TL;DR: Optical sorting retrofits are often justified by labor savings, better yield control, and fewer complaints, with typical industrial payback targets around 1–3 years depending on throughput and defect rates.

Key Results at a Glance

• Six optical sorters integrated as a retrofit into an existing facility (no new building required).
• No-downtime installation approach using staged weekend tie-ins and validation commissioning.
• Improved grading consistency for carrots and onions via multi-sensor inspection and configurable tolerances.
• Higher effective capacity through reduced micro-stops and better flow balancing (qualitative early results).
• Audit-friendly process control with recipe governance supporting BRCGS/IFS-style documentation needs.

TL;DR: The project delivered a no-new-building, no-downtime optical sorting retrofit with more consistent grading and improved line stability.

Contact Information

Murre Technologies B.V.

Zuidweg 20-22
4413 NM Krabbendijke, The Netherlands
Tel. +31 (0) 113 – 50 30 80
Email: info@murre.nl
Website: https://www.murre.nl/

KIMCO N.V.

Hofstraat 176
9200 Dendermonde, Belgium
Tel. +32 (0) 52 250 270
Email: info@kimco.be
Website: https://www.kimco.be/

TL;DR: Contact Murre Technologies for engineered optical sorting retrofits and Kimco for project reference context.

Conclusion

Kimco’s upgrade demonstrates what a well-executed optical carrot sorting line and onion grading automation retrofit can achieve in a constrained facility: higher grading consistency, improved operational stability, and a pathway to measurable quality control—without pausing production or rebuilding the plant.
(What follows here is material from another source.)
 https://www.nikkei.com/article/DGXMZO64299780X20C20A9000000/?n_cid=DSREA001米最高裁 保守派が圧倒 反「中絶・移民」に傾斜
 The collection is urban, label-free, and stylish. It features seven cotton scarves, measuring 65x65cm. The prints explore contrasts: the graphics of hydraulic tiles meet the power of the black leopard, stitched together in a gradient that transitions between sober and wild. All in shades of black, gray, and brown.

By focusing on interfaces (wash-to-sort-to-pack), validation commissioning, and maintainable layout design, Murre Technologies delivered a system that fits real industrial requirements: throughput, repeatability, service access, and audit-ready process control.

TL;DR: The retrofit optical sorting solution improved consistency and capacity while preserving production continuity—proving advanced sorting can be integrated into legacy facilities when engineered end-to-end.

FAQ

Q: What is an optical carrot sorting line, and what defects can it remove?
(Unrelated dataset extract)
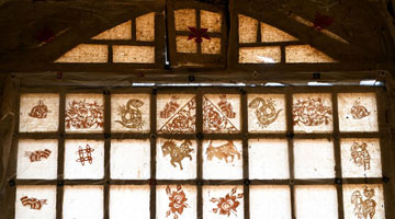 3月18日,贵州省榕江县栽麻镇大利侗寨的村民在晾晒侗布。

A: An optical carrot sorting line uses high-speed cameras (often line-scan RGB) and sometimes NIR (Near-Infrared) sensors plus software algorithms to grade carrots by length, diameter, curvature, and visible defects such as discoloration, damage, or surface blemishes. Defective product is removed via timed air jets or diverters into reject streams.

Q: How does onion grading automation differ from traditional mechanical sizing?

A: Mechanical sizing mainly separates onions by diameter using rollers or screens, but it doesn’t reliably detect visual defects. Onion grading automation adds camera-based inspection to classify skin condition, discoloration, and quality defects, creating more consistent grade streams and reducing manual re-checking.

Q: What throughput and accuracy can industrial vegetable sorting equipment typically achieve?

A: Depending on belt width, product type, and defect targets, a single optical sorter is often engineered around roughly 5–20 tons/hour. Many installations target >90–98% correct classification on defined defect/grade categories, but real results depend heavily on singulation quality, cleanliness, lighting stability, and recipe tuning.

Q: What are the most common pitfalls when adding retrofit optical sorters to an existing plant?

A: Common pitfalls include insufficient space for maintenance access, unstable infeed (double layers that reduce detection accuracy), undersized reject handling that causes blockages, and poor environmental protection (water/dust) around optics. A feasibility study should address these before equipment is ordered.

Q: How do optical sorting machines share data with line control systems, ERP, or quality reporting tools?

A: Optical sorters typically interface with PLC line controls via industrial I/O and fieldbus/Ethernet communications. They can export production and grading data (throughput, reject rates, recipe IDs, alarms) to site systems for reporting and traceability. This supports audit documentation (e.g., BRCGS/IFS expectations) by linking lot/recipe settings to production outcomes.